• EXERCISE DETAILS:
With the pictures left out, print exactly the lines below that run from the one containing "猫用 保定袋 グルーミングバッグ 爪切り 投薬 病院 テープ ファスナー付き" through the one containing "Amber Czech Bead".

--------------------------------

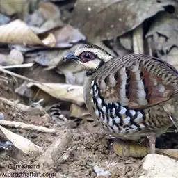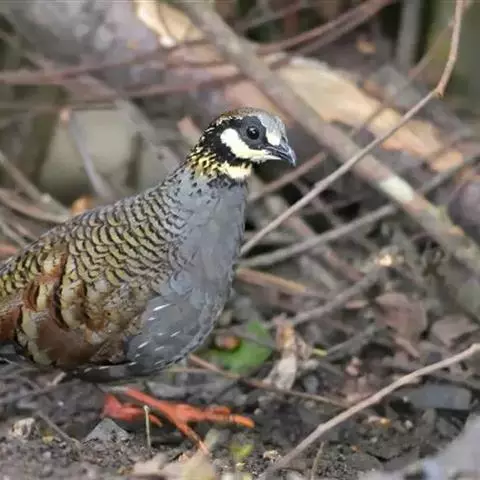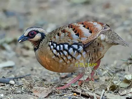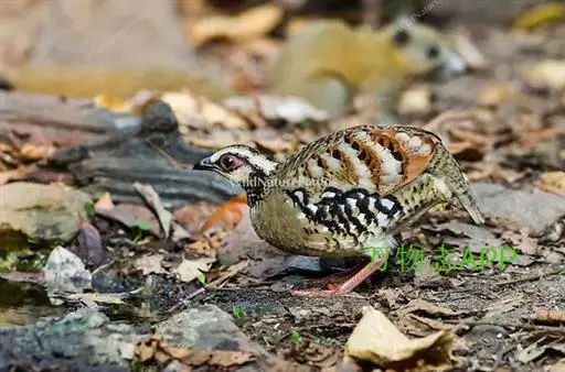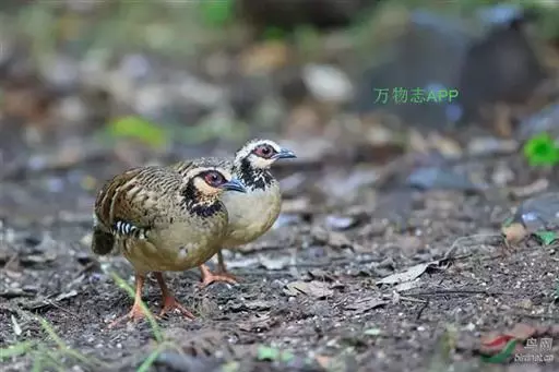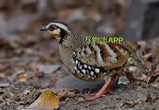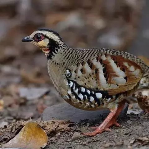 褐胸山鹧鸪(学名:Arborophila brunneopectus):雄鸟体长22厘米,体重310克;雌鸟体长23厘米,体重220-275克。前额皮黄白色,头顶橄榄褐色。眼部的裸皮鲜红色,有一条宽阔的皮黄白色眉纹一直延伸到颈的侧部。上体亮橄榄褐色,具黑色横斑。颏、颊、喉等皮黄白色或白色。胸和两胁淡褐皮黄色,两胁还具白色和黑色斑点。腹部白色。虹膜暗褐色,嘴黑褐色,腿、脚淡红色。
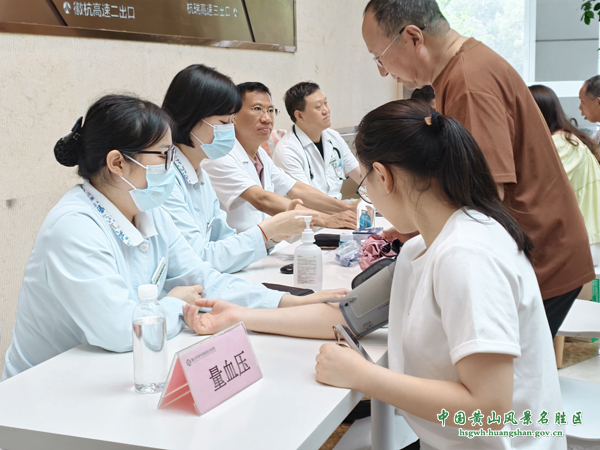 义诊区特邀黄山华泽中西医结合医院的专业医护团队,涵盖内分泌科、神经内科及老年科等科室。医护人员为业主提供测血糖、量血压等基础检查,同时开展健康咨询和疾病预防科普,针对业主的不同健康需求给予专业解答和个性化建议,切实将健康关怀落到实处。
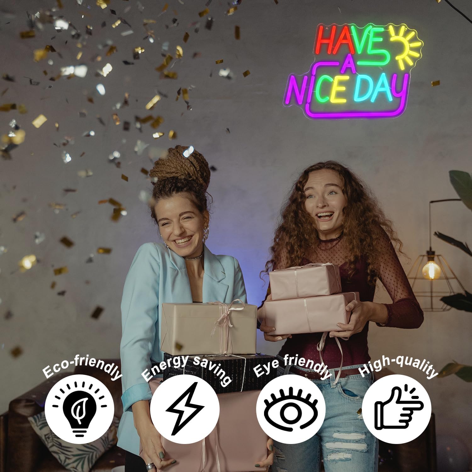 - 【Home Room Decor】The "Have a Nice Day" LED sign is an excellent choice for decorating bedrooms, living rooms, game rooms, schools, offices, or for use at birthday parties. It also serves as a thoughtful gift for birthdays, Christmas, New Year's, and anniversaries for friends, family, or children.
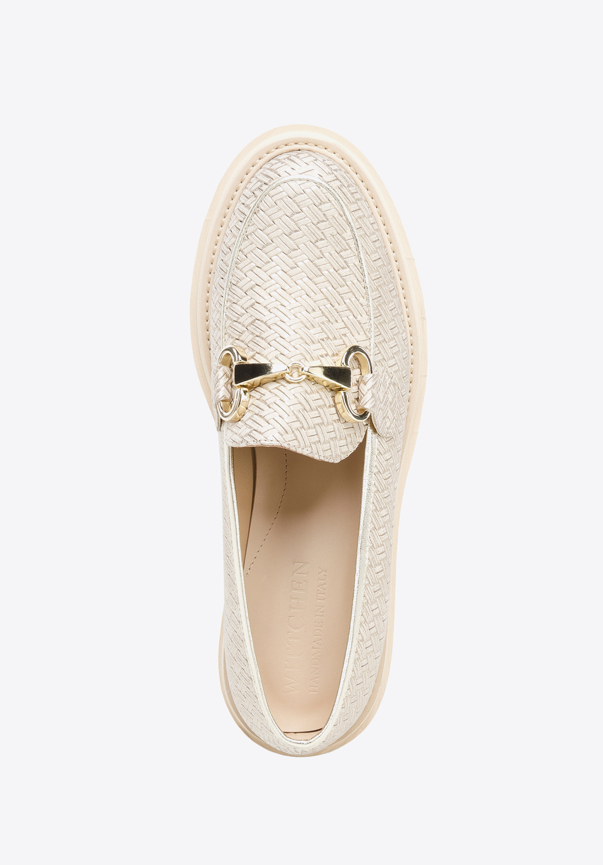 Mit diesen Mokassins sehen Sie jeden Tag besonders aus. Sie sind in Italien aus glänzendem Leder gefertigt, das sich sehr angenehm anfühlt. Außerdem ist dieses Modell mit der geflochtenen Textur verziert. Die glänzende Schnalle und die besetzte Schuhkappe runden den Look stilvoll ab. Diese Schuhe sind leicht, und dank des dicken Plateaus und der Innensohle aus Leder werden Sie stundenlang bequem darin laufen können. Sie sehen gut sowohl zu knöchellangen Hosen als auch zu einem luftigen Kleid aus. Die Mokassins für Damen aus glänzendem Leder mit Schnalle sind ein stilvolles Accessoire, das Sie jeden Tag tragen können.
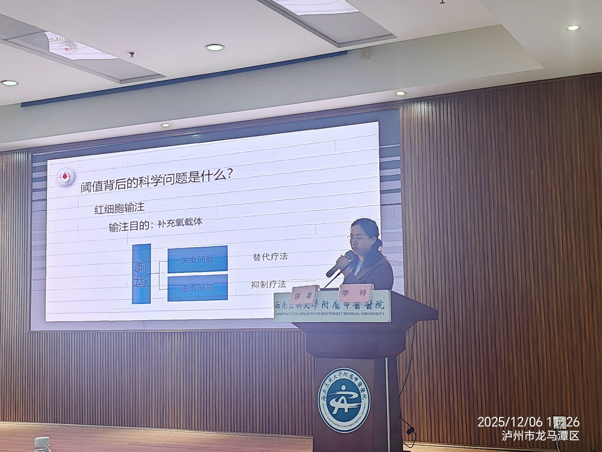 成都市第三人民医院李玲作《红细胞输注适应症和相关科学问题》
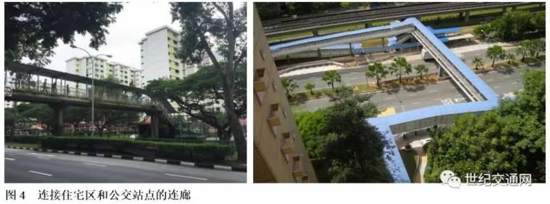 “畅行乘车计划”(Walk2Ride)是用带顶的连廊加强交通站点与周边住宅或其他建筑步行联系的建设,在现有交通站点400m 半径范围内(目前连廊覆蓋范围为200 m 半径范围)建设更多步行连廊;同时,所有公共汽车换乘点、地铁车站和较大流量公共汽车站点200m半径范围内的土地都将实现复合功能开发。至2018年9月,全岛这类步行连廊已从原先的46 km 增加至200 km,而且沿途设有指示牌、地铁路线图及歇息处,可让乘客在舒适的环境下步行到车站。这将大大改善乘客来往公交站点的体验,加强公交设施的可达性和吸引力(图4)。
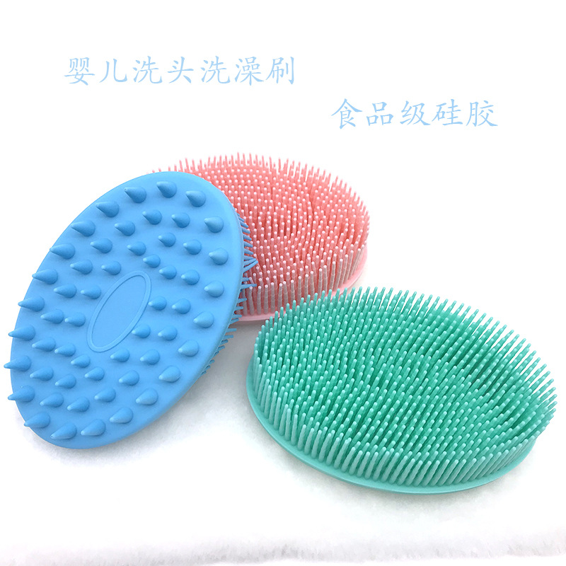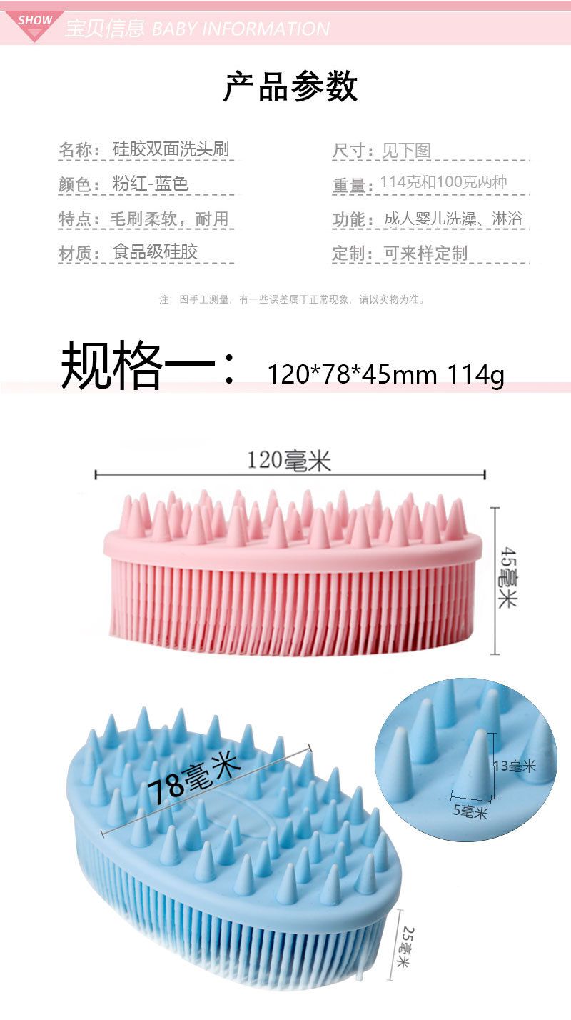 新しいクロスボーダーバスシャンプーソフトブラシベビー触覚トレーニングマッサージベビー両面シリコーンバスブラシ
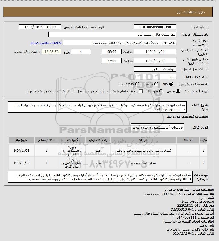نام دستگاه خریدار:بیمارستان عالی نسب تبریز
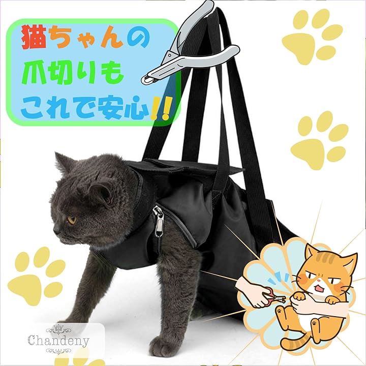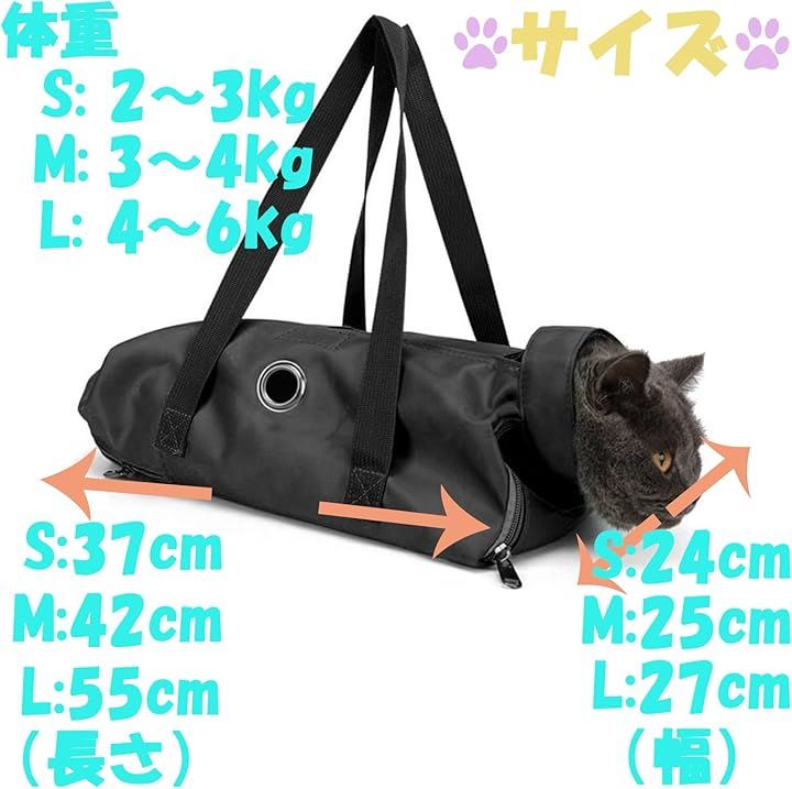 猫用 保定袋 グルーミングバッグ 爪切り 投薬 病院 テープ ファスナー付き
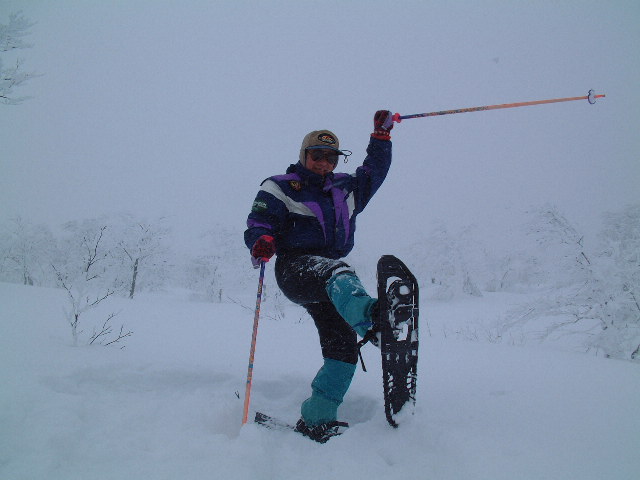 膝まで沈む 時折吹雪く中 三脚を取り出し初めてのスノーシューを付けての自分を記念に撮る
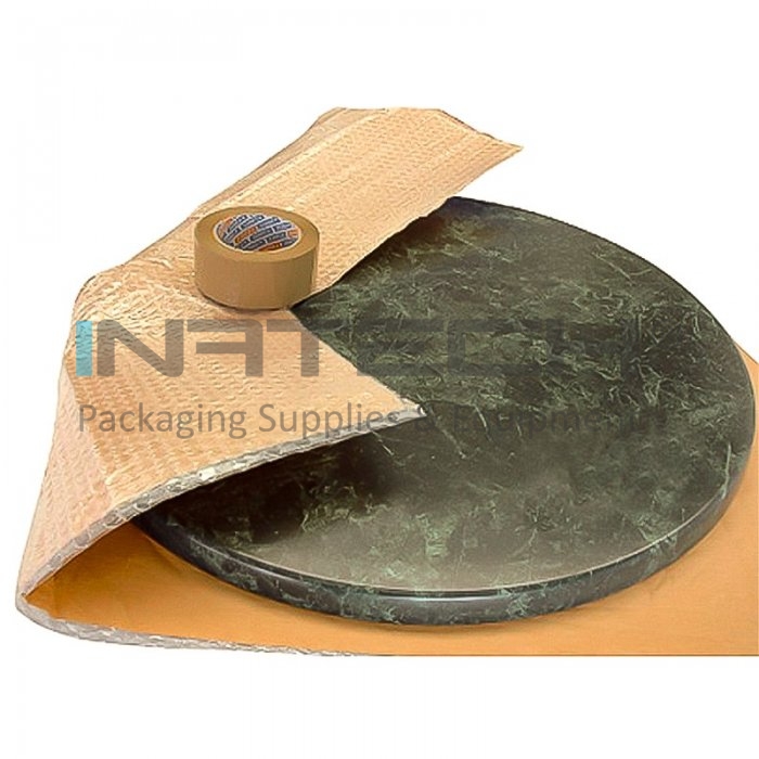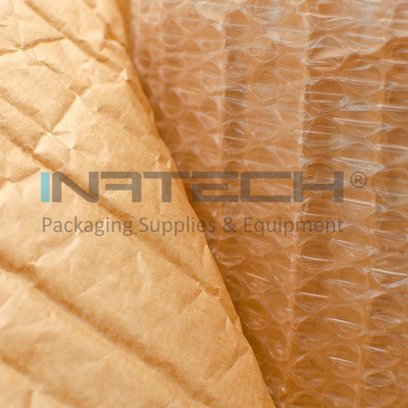 Folia Cu Bule Cu Hartie Kraft pentru protectia produselor fragile cu forme neregulate. Folia cu bule de aer este un material de ambalare usor si flexibil, produs din folie de polietilena de joasa densitate, ideala pentru protejarea produselor fragile si cu forme neregulate. Acest tip de ambalaje protejeaza foarte bine suprafata produsului si ofera o protectie anti-soc si anti-vibratii. Folia cu bule de aer mici poate fi folosita si pentru a umple spatiile goale din interiorul ambalajelor.
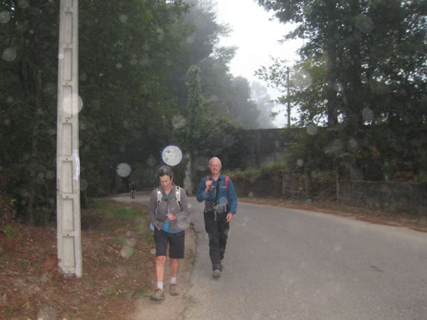 Bob took this picture of Heather and me walking in the mist and along a country road.
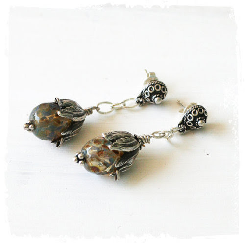 Amber Czech Bead and Silver Petals Victorian Earrings - Romantic Elegant Bohemian Drop Earrings - Holiday Bling
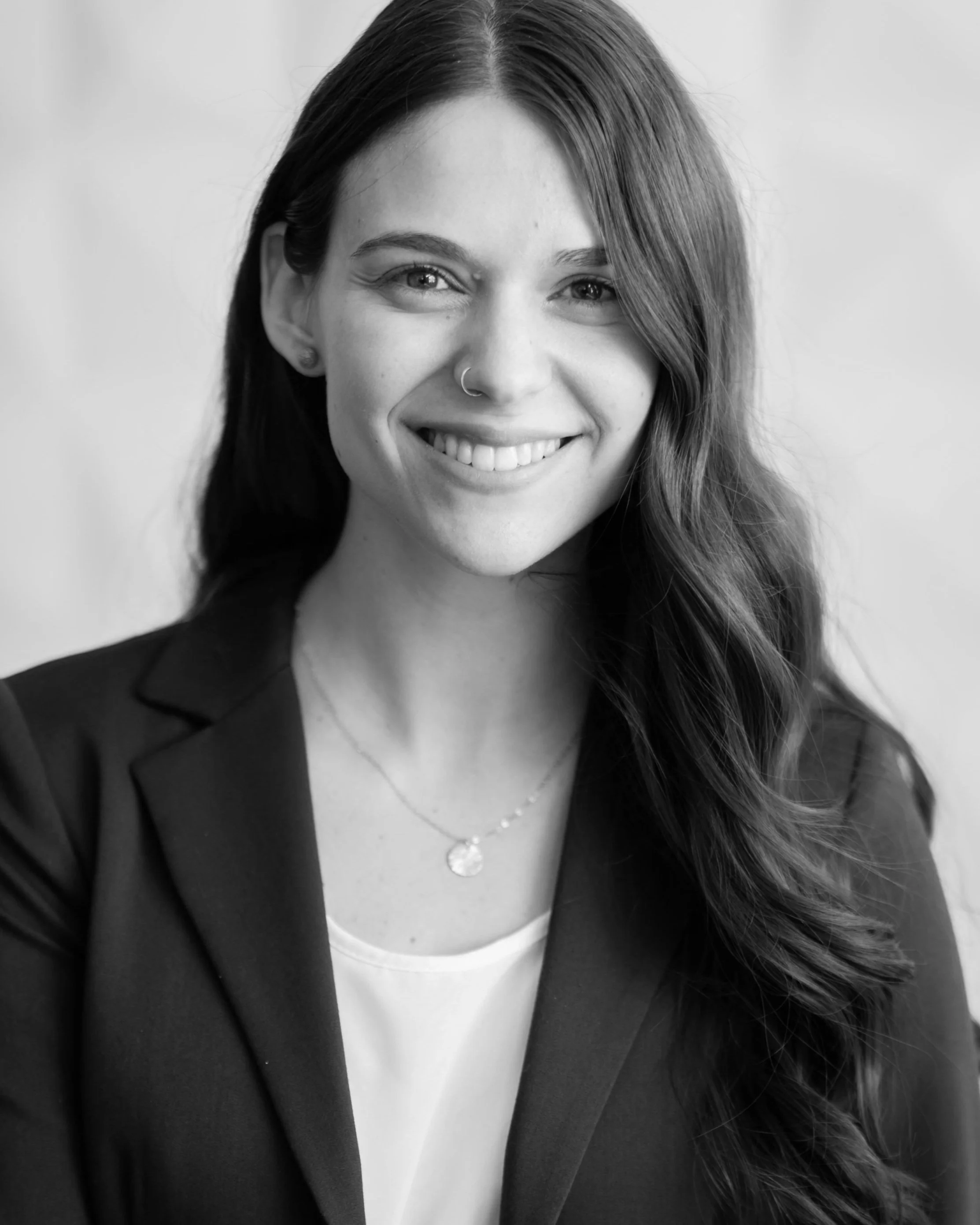 Image Description: A black and white photo of a person, Sarah, who has their hands on their knee, one crossed over the other. They are wearing a polka dotted button up shirt and have curly hair. They are looking intently at the camera.

--------------------------------

• WRITTEN ANSWER:
 猫用 保定袋 グルーミングバッグ 爪切り 投薬 病院 テープ ファスナー付き
 膝まで沈む 時折吹雪く中 三脚を取り出し初めてのスノーシューを付けての自分を記念に撮る
 Folia Cu Bule Cu Hartie Kraft pentru protectia produselor fragile cu forme neregulate. Folia cu bule de aer este un material de ambalare usor si flexibil, produs din folie de polietilena de joasa densitate, ideala pentru protejarea produselor fragile si cu forme neregulate. Acest tip de ambalaje protejeaza foarte bine suprafata produsului si ofera o protectie anti-soc si anti-vibratii. Folia cu bule de aer mici poate fi folosita si pentru a umple spatiile goale din interiorul ambalajelor.
 Bob took this picture of Heather and me walking in the mist and along a country road.
 Amber Czech Bead and Silver Petals Victorian Earrings - Romantic Elegant Bohemian Drop Earrings - Holiday Bling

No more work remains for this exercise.